[Data excerpts]
--- START ---

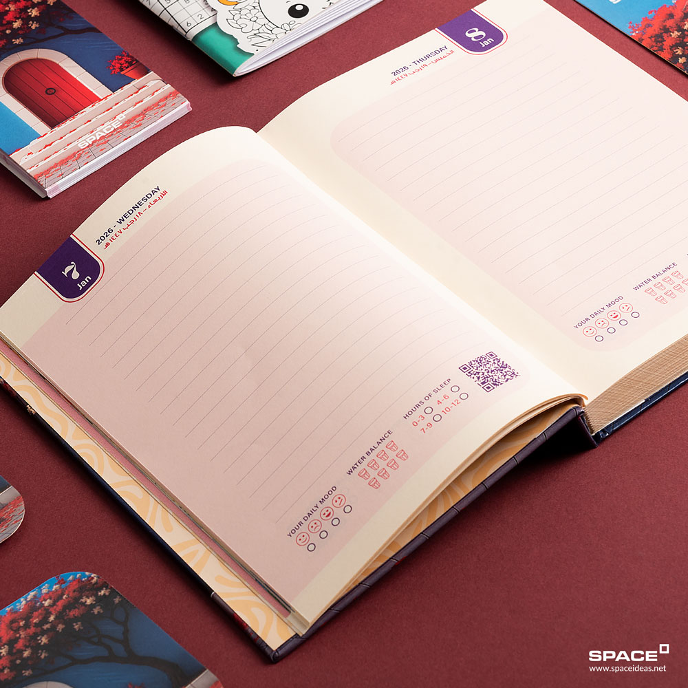 : Daily Agenda 2026 , Stickers Booklet , Pen , Haram Complete-2 Game , Todo List , Activity Booklet , Wall Planner , 2 Bookmarks , Mini Desk Calendar , 2 Coasters [Double Layers] , Gift Card
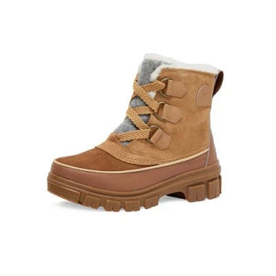 AmazonWINTER-READY WEATHERPROOF BOOTS: Women’s boots with waterproof suede upper, PU leather mudguard, and OutDry technology for snow and rain COZY & ADJUSTABLE COMFORT: Removable plush EVA footbed, microfleece lining, faux fur trim, and 200g insulation for warmth and style HOW TO EMBRACE WINTER: Wear for city strolls or trail adventures—bold faux fur collar and stylish design for versatile winter wear DURABLE MATERIALS & CARE: Sculpted rubber outsole, reliable grip, canvas or felt tongue; wipe clean, air dry CONTENTS: 1x Sorel Torino V WP Boots, Women's, Size: 9 UK, Colour: Tawny Buff, Velvet Tan
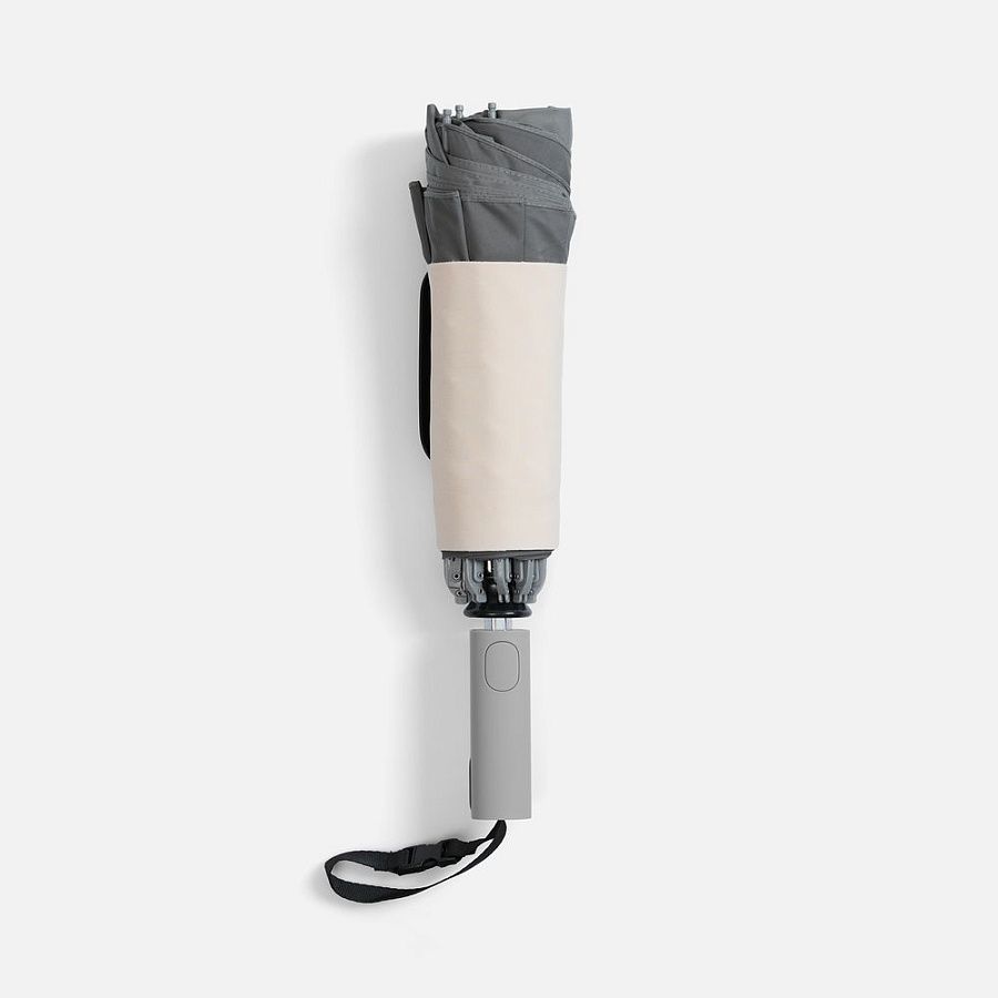 Складываясь после дождя, он прячет мокрую поверхность внутри, а сухая остается снаружи: в закрытом положении зонт не побеспокоит окружающих и не намочит одежду. Благодаря застежке на ремешке зонт удобно подвесить, например, на рюкзак.
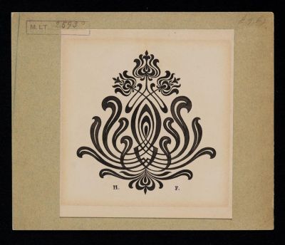 The source of Ferenc Helbing's early designs is the folklore: following József Huszka he mainly preferred the stylized rose, the so-called "plumet of peacock" motif and other floral ornaments, thought to be the most ancient and Hungarian among the varied motifs. Sometimes, the crossings and continuity of the lines recalls the frogs-and-loops and other string decoration of Hungarian gala folklore clothing.
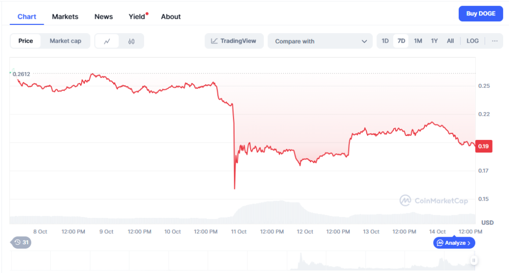 Dogecoin price has begun to move upwards after hitting the support of $0.18. However, according to CoinMarketCap data, the DOGE price remains down by 19% on the 7D chart.

--- END ---

An exact copy of all the entries is required, and it must contain no pictures.

 : Daily Agenda 2026 , Stickers Booklet , Pen , Haram Complete-2 Game , Todo List , Activity Booklet , Wall Planner , 2 Bookmarks , Mini Desk Calendar , 2 Coasters [Double Layers] , Gift Card
 AmazonWINTER-READY WEATHERPROOF BOOTS: Women’s boots with waterproof suede upper, PU leather mudguard, and OutDry technology for snow and rain COZY & ADJUSTABLE COMFORT: Removable plush EVA footbed, microfleece lining, faux fur trim, and 200g insulation for warmth and style HOW TO EMBRACE WINTER: Wear for city strolls or trail adventures—bold faux fur collar and stylish design for versatile winter wear DURABLE MATERIALS & CARE: Sculpted rubber outsole, reliable grip, canvas or felt tongue; wipe clean, air dry CONTENTS: 1x Sorel Torino V WP Boots, Women's, Size: 9 UK, Colour: Tawny Buff, Velvet Tan
 Складываясь после дождя, он прячет мокрую поверхность внутри, а сухая остается снаружи: в закрытом положении зонт не побеспокоит окружающих и не намочит одежду. Благодаря застежке на ремешке зонт удобно подвесить, например, на рюкзак.
 The source of Ferenc Helbing's early designs is the folklore: following József Huszka he mainly preferred the stylized rose, the so-called "plumet of peacock" motif and other floral ornaments, thought to be the most ancient and Hungarian among the varied motifs. Sometimes, the crossings and continuity of the lines recalls the frogs-and-loops and other string decoration of Hungarian gala folklore clothing.
 Dogecoin price has begun to move upwards after hitting the support of $0.18. However, according to CoinMarketCap data, the DOGE price remains down by 19% on the 7D chart.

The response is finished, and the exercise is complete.